I have a Google App Engine triggering a Cloud DataFlow pipeline. This pipeline is supposed to write the final PCollection to Google BigQuery, but I can't find a way to install the right apache_beam.io dependency.
I'm running Apache Beam version 2.2.0 locally.
The project structure follows the code from this blog post.
This is the relevant piece of code:
"WriteToBigQuery" >> beam.io.WriteToBigQuery(
("%s:%s.%s" % (PROJECT, DATASET, TABLE)),
schema=TABLE_SCHEMA,
create_disposition=beam.io.BigQueryDisposition.CREATE_IF_NEEDED,
write_disposition=beam.io.BigQueryDisposition.WRITE_APPEND
)
When I run this code locally, the beam.io.WriteToBigQuery()
is called correctly.

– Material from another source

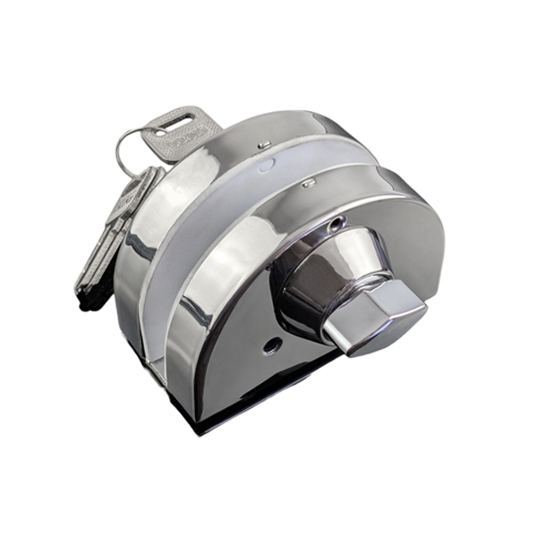 Материал изготовления – нержавеющая сталь SS 304. Это прочный и долговечный материал, защищающий поверхность от ржавчины и коррозии. Потому замки из нержавеющей стали можно расслабленно ставить в помещениях с завышенной влажностью (ванная комната либо на улице). Монтаж данного типа замка производится очень легко. Двойной корпус позволяет надежно зажать между собой стекло толщиной 8 мм. Это очень удобно и практично, и не требует сверления отверстий в холсте.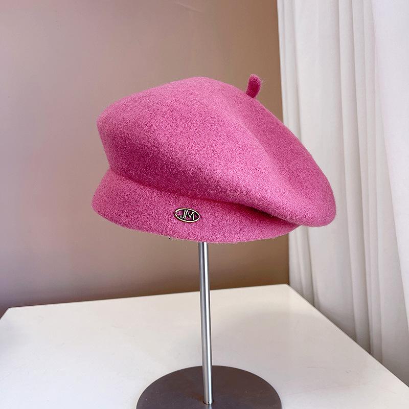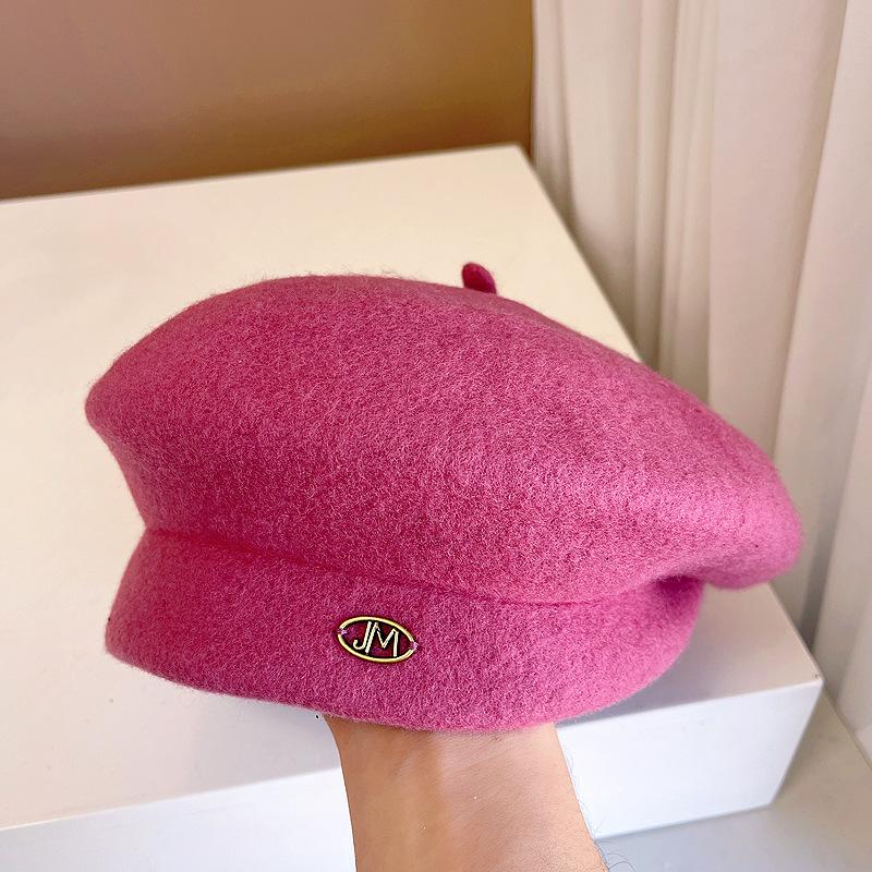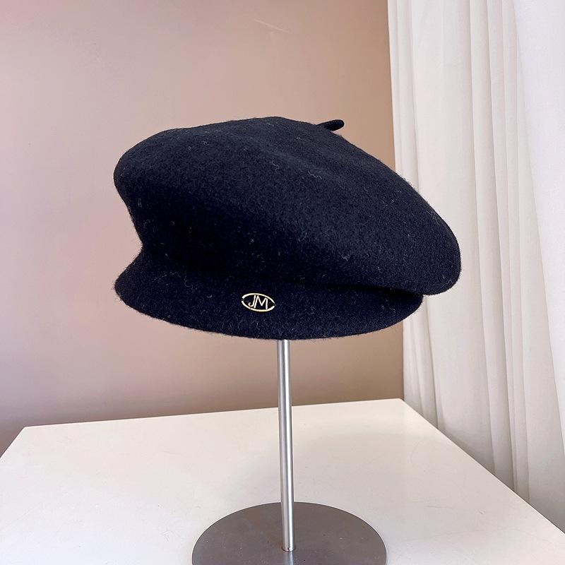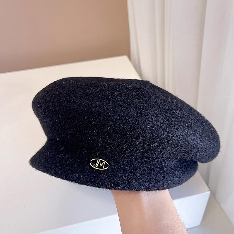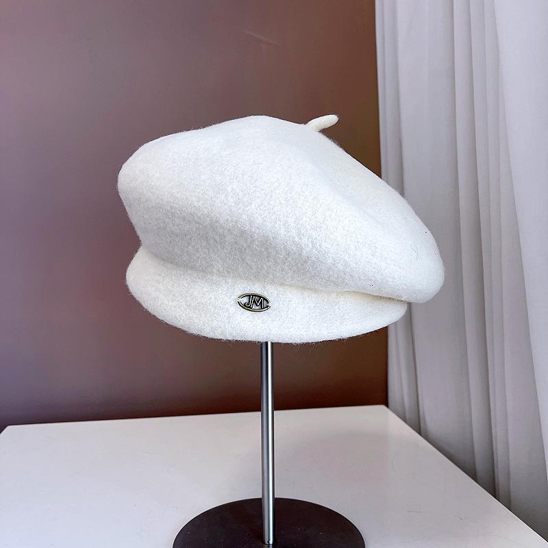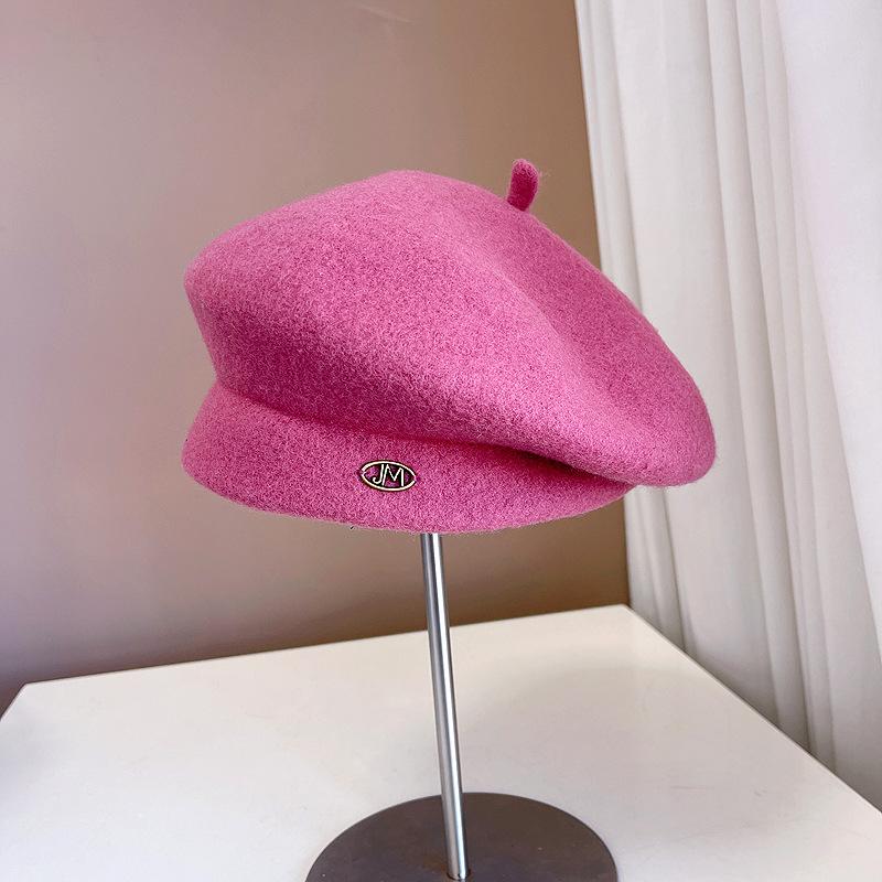Boina de lana retro artística de estilo japonés para otoño e invierno, para mujer, de color liso, combinable, cálida, estilo pintor, elegante y a la moda, con forma de calabaza.

It is fetched from the apache_beam/io/gcp/bigquery.py
from my virtual environment.
But I can't install this dependency on my lib
folder that is shipped with the app on deploy.
Even though I have a requirements file containing apache-beam[gcp]==2.2.0
as a requirement, when I run pip install -r requirements.txt -t lib
, the apache_beam/io/gcp/bigquery.py
that is downloaded to my lib
folder does not contain the class WriteToBigQuery
, and then I get the error 'module' object has no attribute 'WriteToBigQuery'
when running the app on Google App Engine.
Does anyone have any idea on how I can get the right bigquery.py
?